Съезд принял решение создать комиссию из 25 присутствовавших на съезде делегатов, для поисков наследства и нанять для этого известного адвоката Кулябко-Корецкого.
Однако первая поездка Кулябко-Корецкого в Лондон оказалась безрезультатной.
Ост-Индская компания была ликвидирована в 1858 году. И ни получить подтверждений того, что в ней находились золотые червонцы Павла Полуботко, ни узнать, куда были переданы невостребованные вклады, адвокату не удалось.
Второй поездке помешала начавшаяся Первая мировая война.
Инне Никандровне Рошевской после начала войны было не до наследства. Ее сына Бориса Шеболдаева арестовали за участие в подпольной большевистской организации. Рошевской пришлось использовать весь свой авторитет и все влияние на высокопоставленных пациентов (она была врачом, окончила Сорбонну и много лет практиковала в Ставрополе), чтобы ссылку в Сибирь Борису заменили отправкой санитаром на Закавказский фронт.
Но даже оказавшись на фронте, потомок гетмана не прекратил большевистской агитации.
От очередного ареста с плачевными последствиями его спасла лишь Февральская революция. Шеболдаева избрали заместителем председателя военно-революционного комитета Кавказской армии.

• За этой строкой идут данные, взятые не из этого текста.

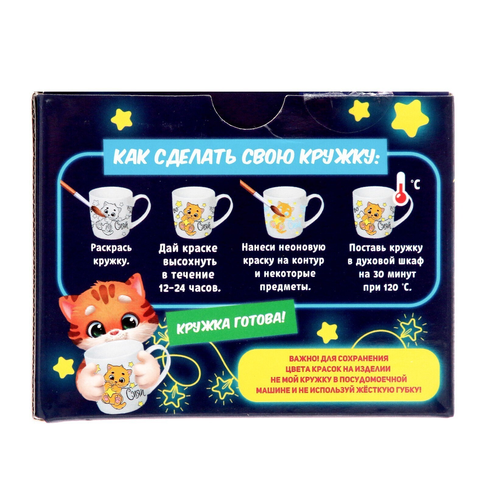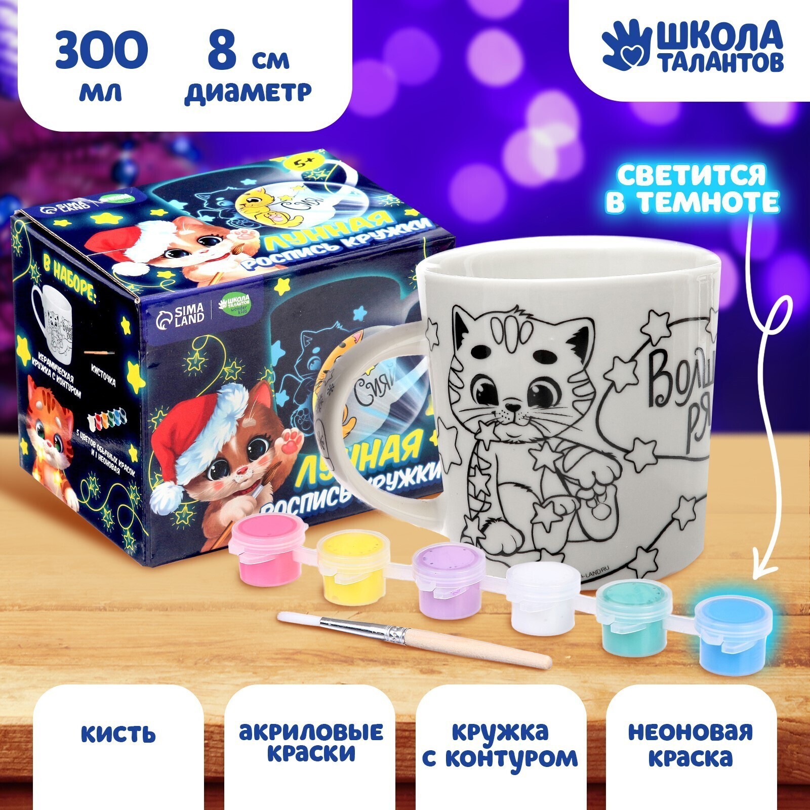 Собирайте своих маленьких творцов и раскрашивайте кружку все вместе. После того, как ваша картинка превратится в цветную, не забудьте добавить немного волшебства: светящуюся в темноте краску. Праздничная кружка готова!

А вскоре Шеболдаев оказался в Баку, где после провозглашения Бакинской коммуны был назначен заместителем наркома по военным и морским делам.
Именно тогда он познакомился с будущим членом Политбюро Анастасом Микояном.
Их обоих арестовали после падения коммуны. И они оба каким-то чудом не попали в число 26 расстрелянных бакинских комиссаров.
Дружба двух большевиков была настолько тесна, что, работая в Ростове, Микоян и Шеболдаев жили со своими семьями в одной квартире и питались в складчину.
В двадцатые годы Шеболдаева неоднократно переводили с места на место: Кавказ, Туркестан, Поволжье и, наконец, Москва.
В 1925 году наследника гетмана назначают заместителем заведующего орграспредотделом ЦК ВКП(б) — святая святых партии, ведавшем всей расстановкой партийных кадров, а затем он становится первым секретарем Северо-Кавказского крайкома ВКП(б).
Тогда же, в 1930-е, по словам его сына Сергея, Шеболдаеву позвонил некий человек и сказал, что он может получить наследство гетмана Полуботко.
Шеболдаев ответил, что не интересуется этим, и положил трубку.3
Возможно, Петр Шеболдаев счел звонок чьей-то провокацией. Но существуют данные, говорящие, что это было не так.
Много лет спустя в печати появилась следующая история.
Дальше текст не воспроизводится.